# Ride From Seattle To Vancouver and Party (RSVP) Ride Report



## JP (Feb 8, 2005)

Cascade bike club puts on a bunch of rides throughout the year in the Seattle area. After the madness of riding Seattle to Portland (STP) with 9000 of my closest friends, and putting the rides like Tour DAY Blast and RAMROD behind for the year, RSVP is a welcome ride. It is a couple thousand people, and it has a mellow fun vibe. 

I start out from home and ride along Lake Samammish to intersect the course north of Redmond.

From there one rides past this great little espresso stand in Snohomish. You then ride on this paved path for a while and after a few turns and jogs you wind up along Puget Sound outside Bellingham.


----------



## JP (Feb 8, 2005)

Since I had my fenders, we were protected by the rain gods. After about 130 miles I ended day 1 in Bellingham. Day two we crossed the border at the "truck crossing." No worries with your passport. Before you cross the border, you ride along this road where the U.S. is on one side, and Canada is on the other. Yes, there are cameras pointed at that ditch.


----------



## JP (Feb 8, 2005)

You get a real variety of roads on this ride. Here are some of the shots moving closer to Vancouver.


----------



## JP (Feb 8, 2005)

Entering Vancouver is fun. You ride past residential streets, into China Town, along the waterfront, and pop out near Stanley Park.


----------



## JP (Feb 8, 2005)

Now here's something I didn't expect to see. Vancouver has a booming film business, and this street was closed to film a winter scene. No, it wasn't that cold.


----------



## JP (Feb 8, 2005)

Munchkinhead drove up -- well, really Mom drove up with Munchkinhead -- and we played in the park.


----------



## MB1 (Jan 27, 2004)

JP said:


> Cascade bike club puts on a bunch of rides throughout the year in the Seattle area. After the madness of riding Seattle to Portland (STP) with 9000 of my closest friends, and putting the rides like Tour DAY Blast and RAMROD behind for the year, RSVP is a welcome ride. It is a couple thousand people, and it has a mellow fun vibe. ......
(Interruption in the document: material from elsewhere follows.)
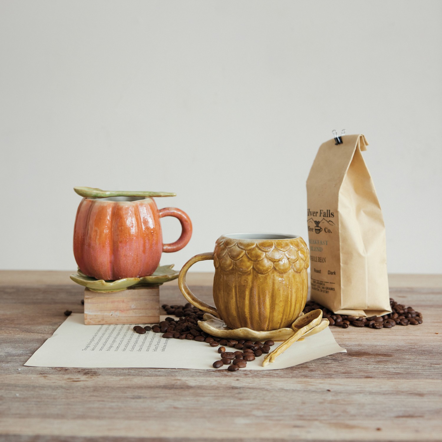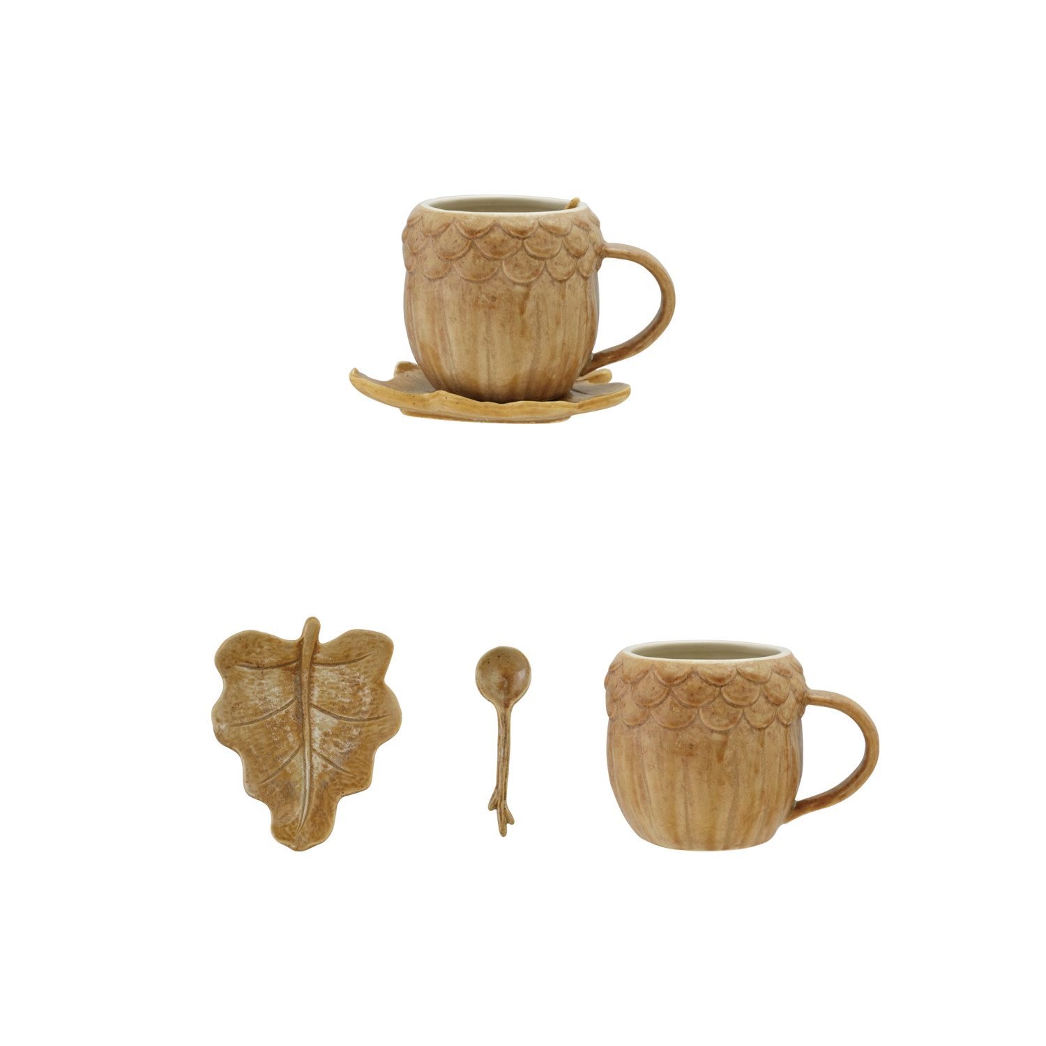 14 oz. Stoneware Acorn Shaped Mug with Saucer & Spoon, Set of 3 (Each One Will Vary)

Man you must have worked yourself into some kind of shape this year. It has somehow slipped my mind that in the Pacific NW the summer is the best time of year to ride.

Around here we kind of just hunker down and survive this time of year........


----------



## wasfast (Feb 3, 2004)

MB1 said:


> Man you must have worked yourself into some kind of shape this year. It has somehow slipped my mind that in the Pacific NW the summer is the best time of year to ride.
> 
> Around here we kind of just hunker down and survive this time of year........


I've lived in the PNW for 48 years and this summer has been the worst ever. Lots of clouds, low temperatures, rained like crazy yesterday. Summers here in the past were to die for with low humidity and sunshine. I feel like I missed out after riding in the rain all winter. There, I'm done now.


----------



## bigbill (Feb 15, 2005)

I will do it with you next year. I'll bring the killer draft.


----------



## undies (Oct 13, 2005)

wasfast said:


> I've lived in the PNW for 48 years and this summer has been the worst ever.


This is only my 11th year in Oregon, but +1. WTH is it raining? It feels like October  

At least my electric bill is lower since I've barely used my A/C all summer


----------



## oarsman (Nov 6, 2005)

*yes, terrible summer*



wasfast said:


> I've lived in the PNW for 48 years and this summer has been the worst ever. Lots of clouds, low temperatures, rained like crazy yesterday. Summers here in the past were to die for with low humidity and sunshine. I feel like I missed out after riding in the rain all winter. There, I'm done now.


I feel your pain. The weather around here this summer has been abysmal. I got poured on this weekend. I kept thinking....summer is coming, summer is coming - and now it is nearly the end of August and we are still waiting.


----------



## oarsman (Nov 6, 2005)

*Rsvp*

I have often thought about doing that ride. I have cycled a lot in Whatcom county and in and around Bellingham. There are some great country roads. The chipseal surface can be a little annoying, but I see you have a bike that handles those very well.


----------



## TrekJeff (Mar 14, 2007)

Threads like this really aren't good for me to read. I spent six years in the Kitsap Penn before coming back to Michigan....threads like this will have a magnetic pull on me...soon I'll see myself looking at realestate.
Man I miss that area!! Doesn this tour have a stop at Celcils?


----------



## Cervelo-er (Apr 10, 2004)

*I dunno*



oarsman said:


> I feel your pain. The weather around here this summer has been abysmal. I got poured on this weekend. I kept thinking....summer is coming, summer is coming - and now it is nearly the end of August and we are still waiting.


Can't say it has been all that bad in Portland...I have no need for 100+ deg days. But, the humidity has been a little silly and it does feel more like June than August. Still, I've been able to get in a lot of good riding in the mornings when it is still nice and cool...which is my favorite anyway. 

It was strange though to be riding up Rocky Point yesterday with mist rising through the forest and wet asphalt...felt very much like a spring day.

Today is especially beautiful. We should not complain.

BTW -- to the OP...beautiful pics. They are making me long for a trip to Vancouver...


----------



## slagle2son (Aug 23, 2007)

hey joe,
nice pics.
bagel


----------